The Implications of Virality in Digital Marketing

What makes a video viral and another not? It all does seem random doesn’t it? This post will talk about the aspects of virality and the potential repercussions of a viral marketing video.

According to Kevin Allocca, there are three ingredients for virality namely tastemakers, communities of participation and unexpectedness.

1. Tastemakers

The chart below taken from a Ted Talk by Kevin Allocca shows the views per day for the double rainbow video.

It shows that the double rainbow video did not go viral until Jimmy Kimmel, a ‘tastemaker’ tweeted about it and shared it to all his followers who in turn shared them to their peers. This chain effect resulted in the video gaining millions of views in a few days.

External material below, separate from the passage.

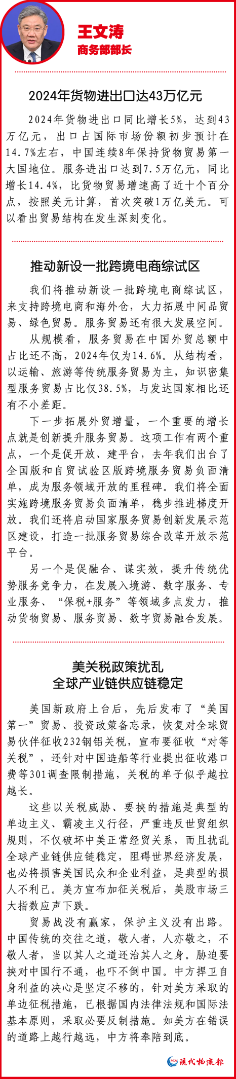 3月6日,十四屆全國人大三次會議在梅地亞中心舉行記者會,國家發展和改革委員會主任鄭柵潔、財政部部長藍佛安、商務部部長王文濤、中國人民銀行行長潘功勝、中國證券監督管理委員會主席吳清就發展改革、財政預算、商務、金融證券等相關問題回答中外記者提問。

2. Communities of participation

Friday Music Video

I am sure that virtually everyone knows this song. After the “Friday” music video was shared by tastemakers such as Michael J. Nelson and Tosh.0, the video took off, garnering 1.2 million views in 2 days. Numerous parodies of Friday started to be created by people and within days there was a parody for every other day of the week. This promoted the original video’s shareability with other people, increasing the hits it received.

3. Unexpectedness

A protest against the ticket he got for not cycling in the bike lane
Fast forward to 1.15 to skip the intro

This video has, to the date of this post, 22 million hits on YouTube. By using an unique and unexpected way of protest, Casey Neistat managed to make his video viral. According to smarp, one of the main reasons people want to share content is to bring enlightening and entertaining content to others.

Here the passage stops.